È come se durante una gita domenicale con la nostra auto si accendesse una spia rossa sul cruscotto. Controlliamo benzina, olio e motore ma la spia rimane accesa. Riusciamo a tornare a casa ma, nonostante i molteplici controlli, la spia non si spegne. Così decidiamo di fare un ultimo tentativo: stacchiamo la spia dal cruscotto. Non vedendola più, ci sentiamo tranquillizzate e serene. Ma abbiamo davvero risolto il problema?

Quello che dovremmo tenere in considerazione è il fatto che i disturbi del ciclo dipendono da molteplici cause. Accanto a quelle fisiche e anatomiche, ci sono anche cause emotive o psicologiche. Di solito queste ultime sono più profonde e meno consce.

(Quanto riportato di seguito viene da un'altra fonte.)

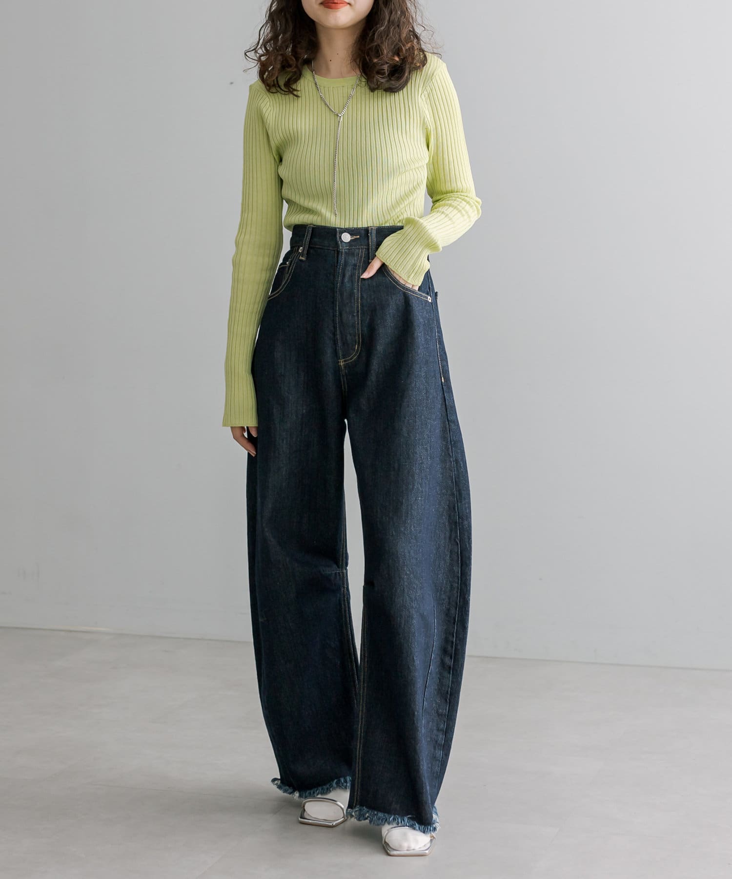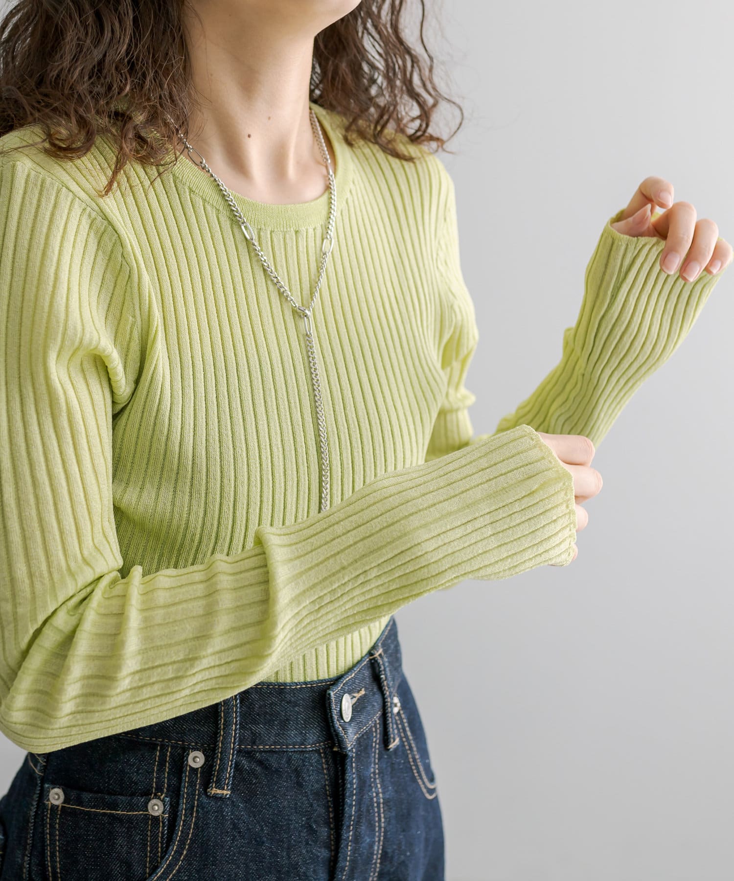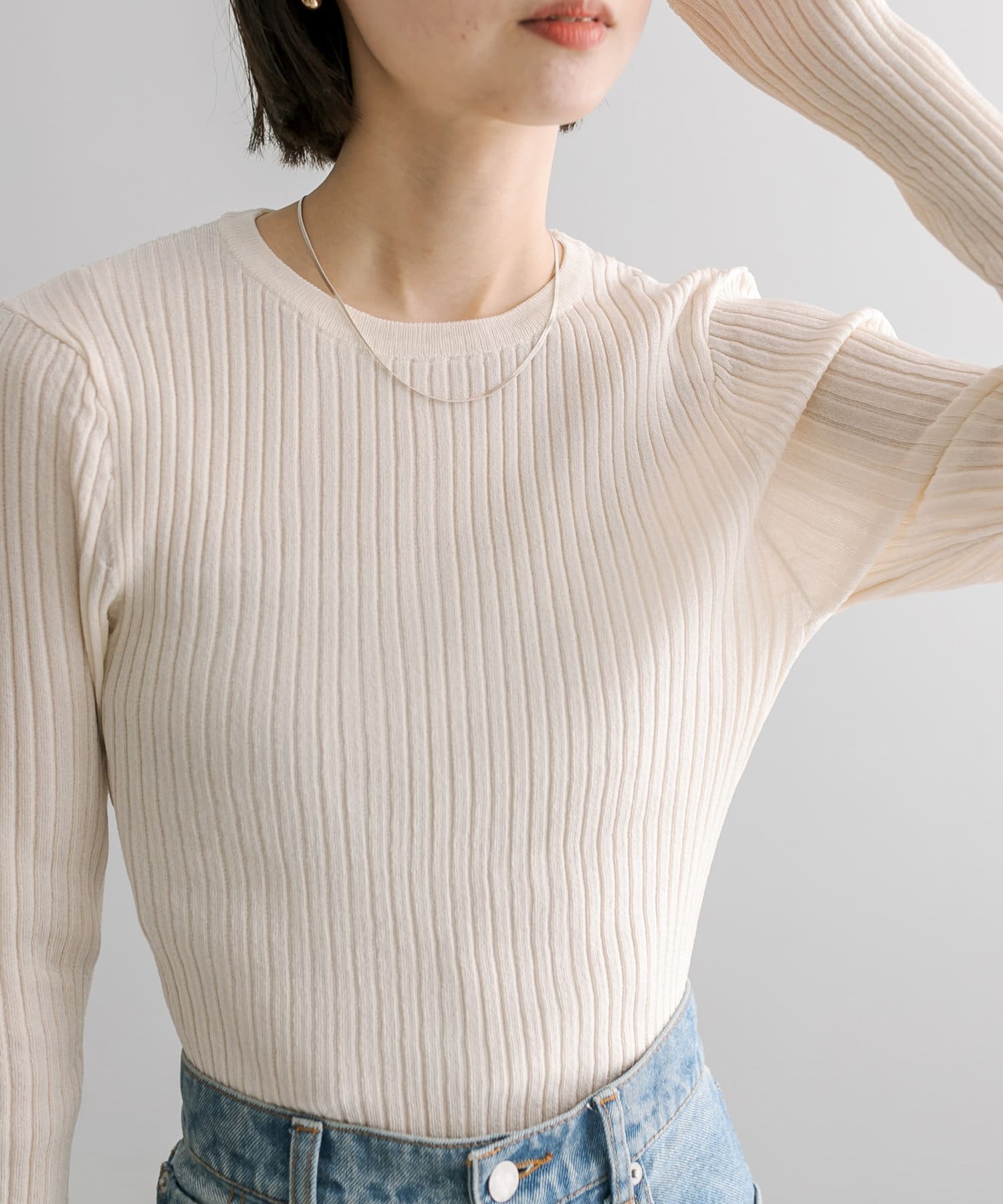 ・伸縮性のあるリブニットはボディラインに程よくフィットしてくれます。

Di conseguenza, anche l'intervento che si decide di fare dovrebbe essere duplice.

Si può intervenire sulla parte più psicosomatica ad esempio con i fiori australiani (leggi l'approfondimento: > I fiori australiani per i disturbi del ciclo mestruale).

E insieme a questi, lavorare sulla parte più fisica per eliminare in modo definitivo i sintomi che insorgono in quei giorni. Ma sempre con rimedi naturali ma efficaci, privi di effetti collaterali.

I rimedi naturali per un ciclo senza problemi

Per intervenire sui problemi fisici legati al ciclo mestruale è bene intervenire con una terapia di terreno. In questo modo si può intervenire sulle cause che provocano un'alterazione della condizione ottimale del ciclo mestruale. E, modificando il terreno, si migliora l'andamento delle mestruazioni.

Gli oligoelementi da utilizzare in questi casi sono:

l'oligoelemento di terreno o diatesico, in genere definito dalla condizione attuale che ci troviamo a vivere e che varia con l'età. Gli oligoelmenti diatesici sono: Manganese, Manganese-Rame, Manganese-Cobalto, Rame-Oro-Argento.

Zinco-Rame è l'oligoelemento che lavora sulle problematiche ormonali legate al ciclo ed è indicato per la cosiddetta sindrome da disadattamento ipofiso-genitale. Agisce cioè nelle situazioni in cui le ghiandole endocrine (le ovaie) hanno difficoltà a rispondere correttamente agli stimoli dell'ipofisi. Questa ghiandola è considerata il centralino di tutta la nostra produzione ormonale. Zinco-Rame ristabilisce la corretta comunicazione fra le due vie. E, normalizzando la risposta endocrina, è utile in tutte le situazioni di irregolarità del ciclo appena descritte.

In caso di amenorrea all'oligoelemento di terreno e a Zinco-Rame si può aggiungere anche l'oligoelemento Litio. È indicato se ci sono problemi psichici. Agendo come normalizzatore endocrino, lavora anche sull'aspetto emotivo, riequilibrando l'umore e calmando le emozioni più forti e negative.

In caso di ipermenorrea si aggiunge come terzo oligoelemento Manganese. Lavorando infatti sul metabolismo della coagulazione, aiuta a ristabilire un normale flusso mestruale.

In associazione agli oligoelementi, ecco i gemmoderivati più comuni da usare nei problemi legati al ciclo mestruale.

Rubus idaeus, il lampone, regolarizza e stimola la secrezione ovarica. Grazie alla presenza di sostanze miorilassanti naturali ha azione spasmodica sull'utero. È quindi indicato nei casi di amenorrea. Ma può essere usato anche in caso di dismenorrea per lo stesso motivo soprattutto nelle ragazze che hanno il ciclo da due-tre anni.

Salix alba, il salice bianco, è indicato nei casi di amenorrea. Stimola l'asse ipotalamo-ipofiso-surrenalico ed ha azione estrogenica.

Anche il mirtillo rosso, Vaccinium vitis idaea, ha azione estrogenica. È indicato nei casi di amenorrea, poiché attiva la funzione delle ovaie.

Tilia tomentosa è indicato invece nei casi di dismenorrea. Ansiolitico naturale, riesce ad avere un effetto calmante e sedativo. Ha anche attività spasmodica, riuscendo a sedare i dolori che nascono durante il ciclo.